From here: https://stackoverflow.com/a/5524120/462608

If you want to lock several mutex-protected objects from a set of such objects, where the sets could have been built by merging, you can

choose to use per object exactly one mutex, allowing more threads to work in parallel,

or to use per object one reference to any possibly shared recursive mutex, to lower the probability of failing to lock all mutexes together,

or to use per object one comparable reference to any possibly shared non-recursive mutex, circumventing the intent to lock multiple times.

I just don't understand the whole quote above. What is he referring to? Please explain in layman's words.

Here is my interpretation of the referenced quote. i hope that it's both understandable and actually matches the intent of the person who wrote that original answer.

Lets say you have a data structure that needs to be protected by a mutex. You have some options as to how 'granular' you can treat the critical sections dealing with those objects. These options can also have an influence on how a thread might need to behave to acquire the locks for multiple objects at the same time:

• use one mutex per object:

  struct foo {
      mutex mux;
  
      // important data fields...
  };
  

  This has the benefit that threads dealing with different objects will have no contention. If a single thread needs to deal with multiple objects while holding the locks for them (I think this is what's meant by 'set merging'), there's no need for recursive mutexes. However, care does need to be taken to avoid deadlock.

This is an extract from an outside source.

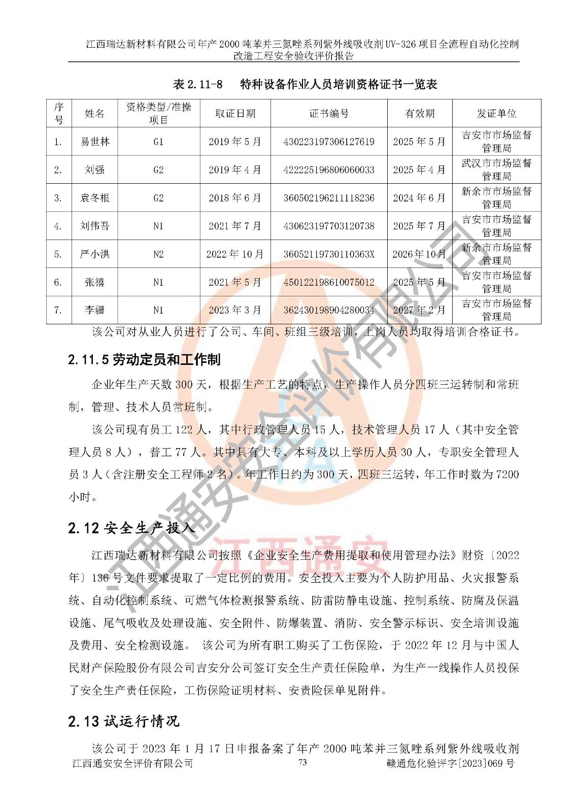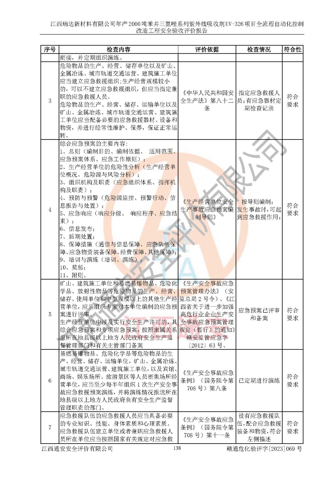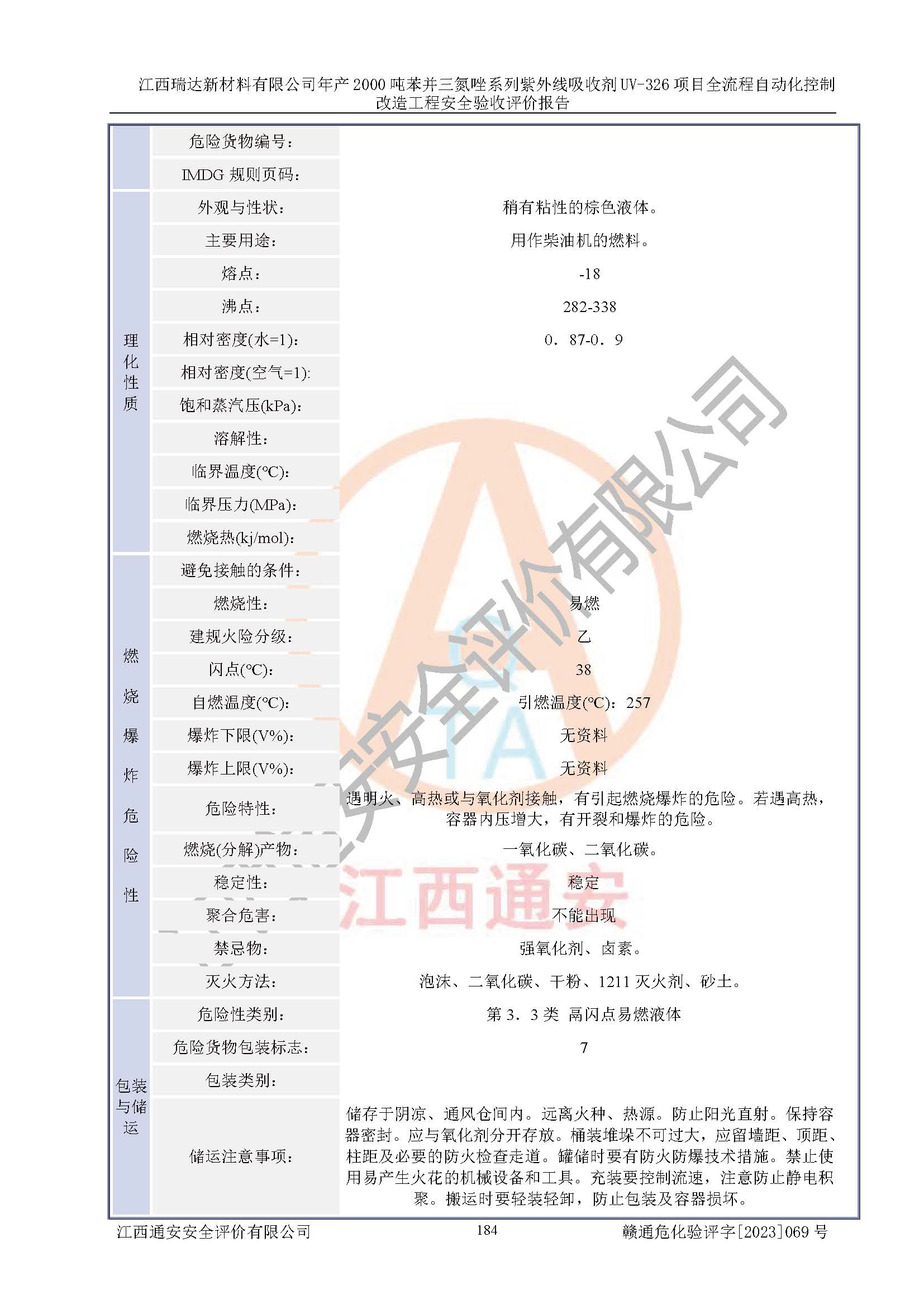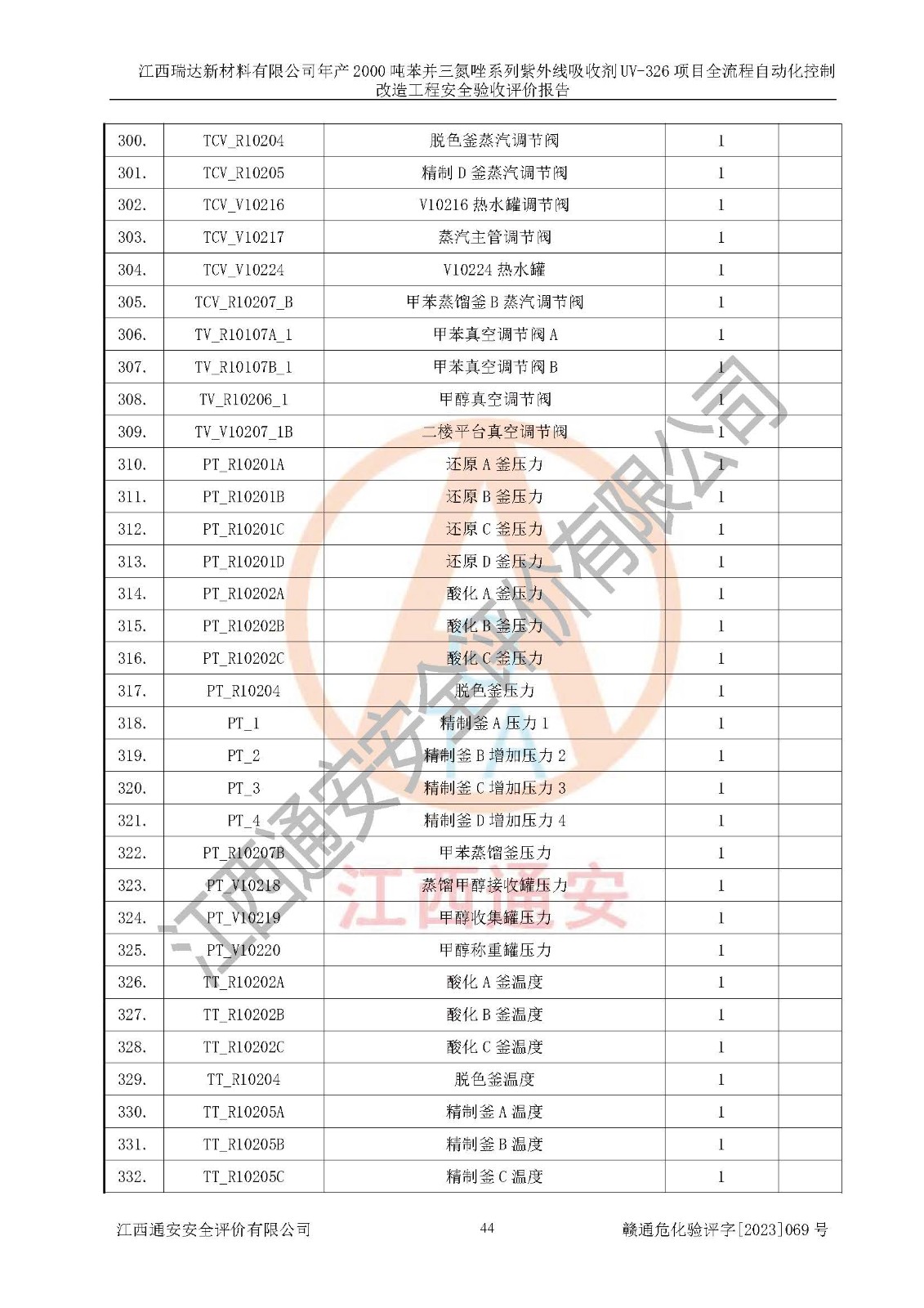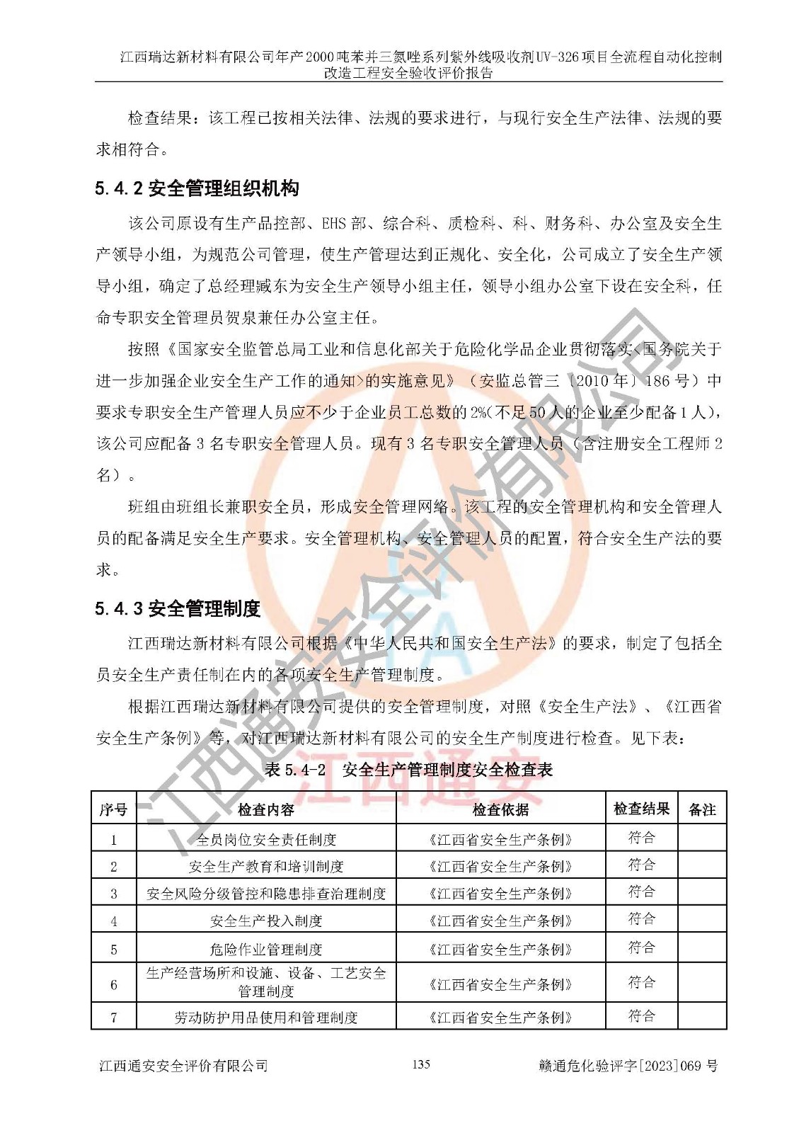 評價報告名稱 | 江西瑞達(dá)新材料有限公司年產(chǎn)2000噸苯并三氮唑系列紫外線吸收劑UV-326項目全流程自動化控制改造工程安全驗收評價報告 | |||

• have each object refer to a recursive mutex which may be shared with other objects:

  struct foo {
      recursive_mutex* pmux;
  
      // important data fields...
  };
  

  Since two objects may actually be associated with a single mutex, if thread 1 tries to lock object A and thread 2 concurrently tries to lock object B when objects A and B are sharing the same mutex, one of the threads will block until the other thread releases the mutex. Since the mutex is recursive, a single thread may lock multiple objects, even if they share the same mutex. Note that there is still the same caveat about deadlock.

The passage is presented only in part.